COLLECTED MATERIAL
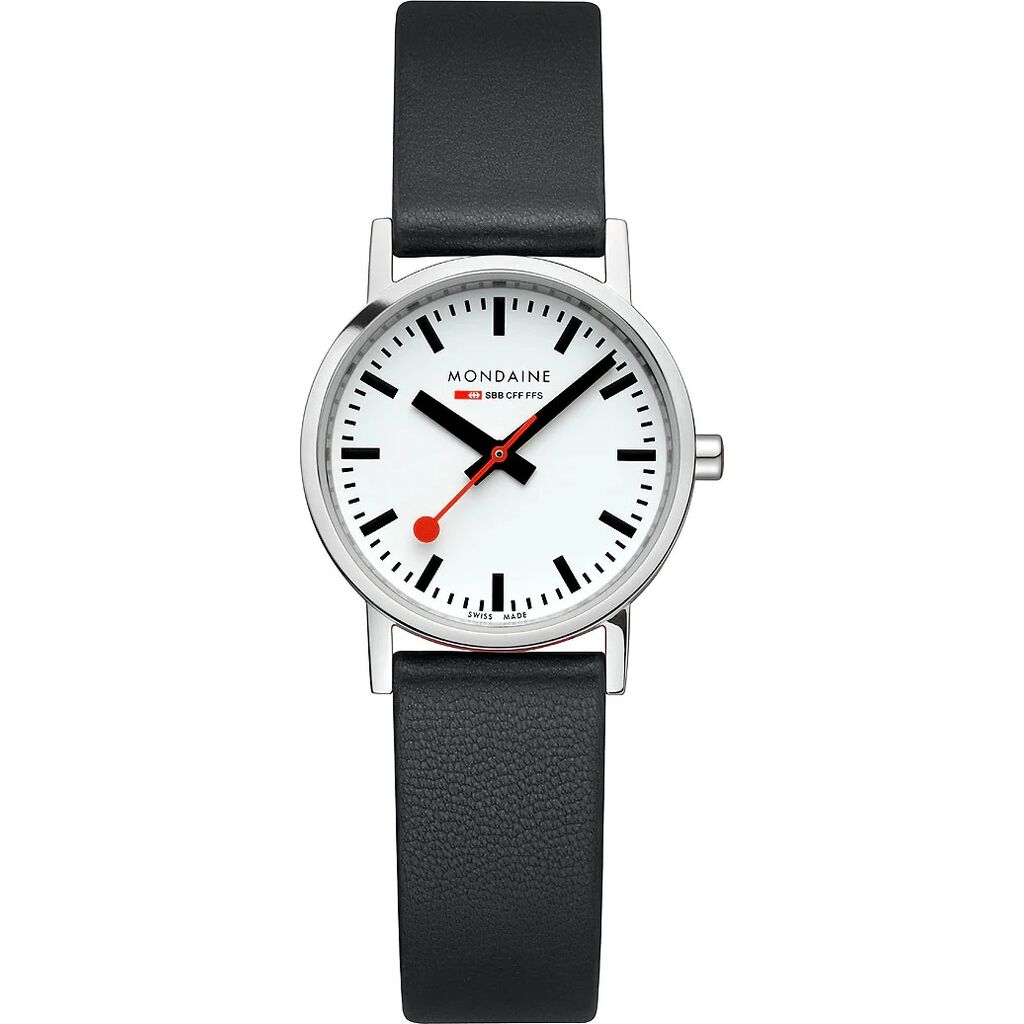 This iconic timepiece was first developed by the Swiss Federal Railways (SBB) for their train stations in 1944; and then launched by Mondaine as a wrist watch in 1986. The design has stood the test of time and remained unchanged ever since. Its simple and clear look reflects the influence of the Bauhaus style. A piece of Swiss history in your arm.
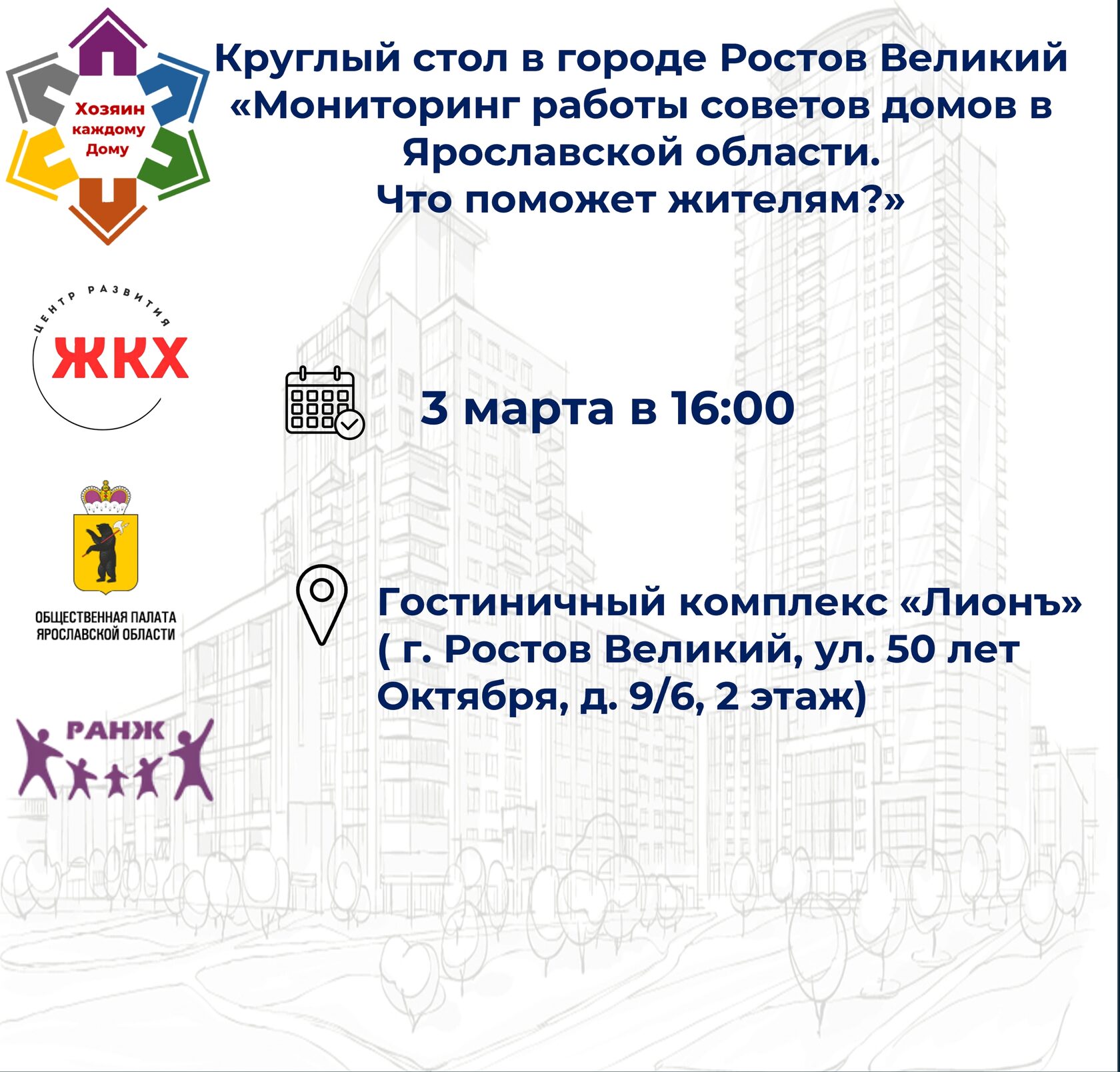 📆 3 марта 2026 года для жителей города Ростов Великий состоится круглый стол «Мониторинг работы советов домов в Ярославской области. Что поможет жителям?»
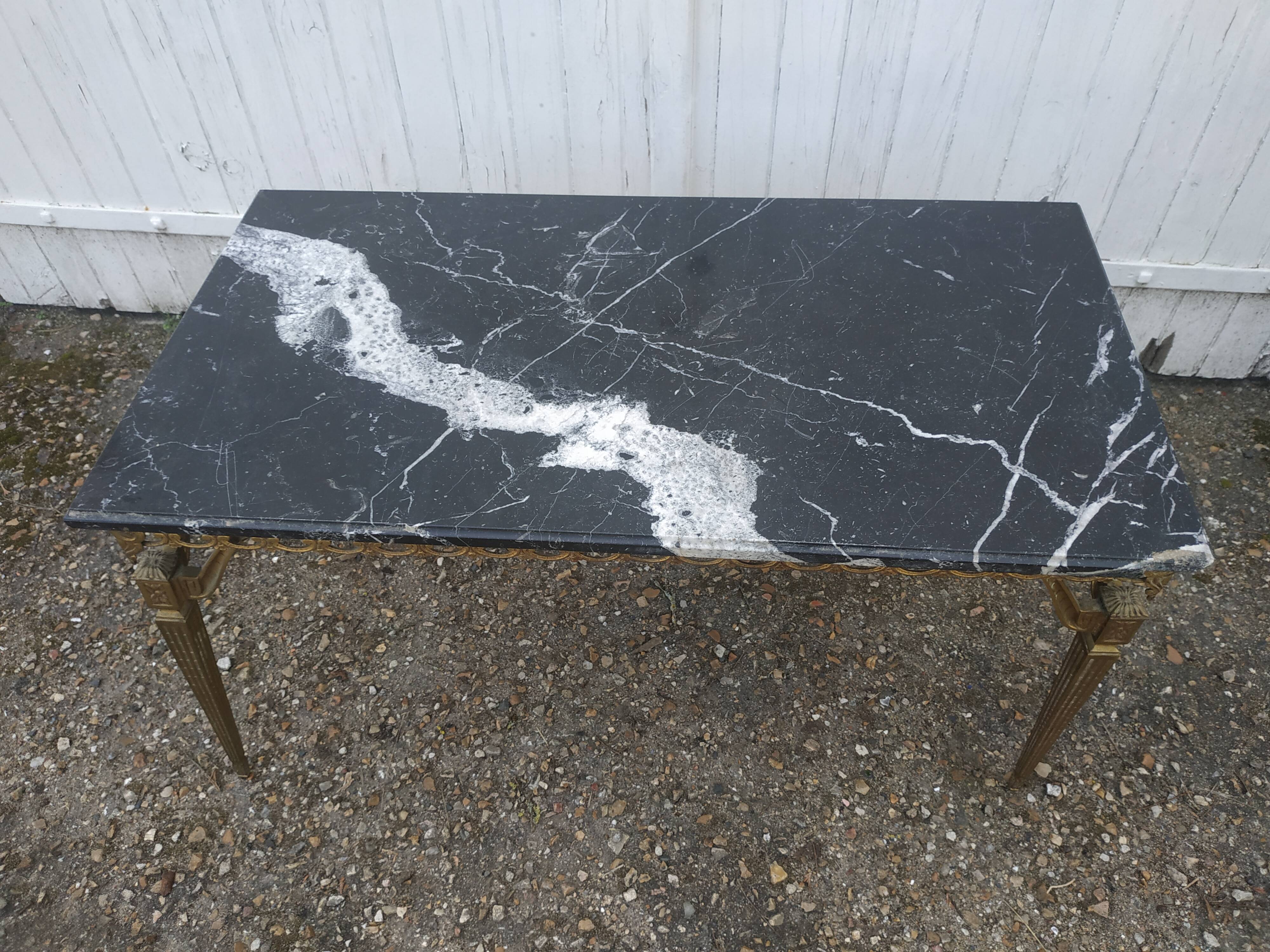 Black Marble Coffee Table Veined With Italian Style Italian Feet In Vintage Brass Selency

PROBLEM
Your task is to output the material word for word while leaving out every image.

TASK RESPONSE
 This iconic timepiece was first developed by the Swiss Federal Railways (SBB) for their train stations in 1944; and then launched by Mondaine as a wrist watch in 1986. The design has stood the test of time and remained unchanged ever since. Its simple and clear look reflects the influence of the Bauhaus style. A piece of Swiss history in your arm.
 📆 3 марта 2026 года для жителей города Ростов Великий состоится круглый стол «Мониторинг работы советов домов в Ярославской области. Что поможет жителям?»
 Black Marble Coffee Table Veined With Italian Style Italian Feet In Vintage Brass Selency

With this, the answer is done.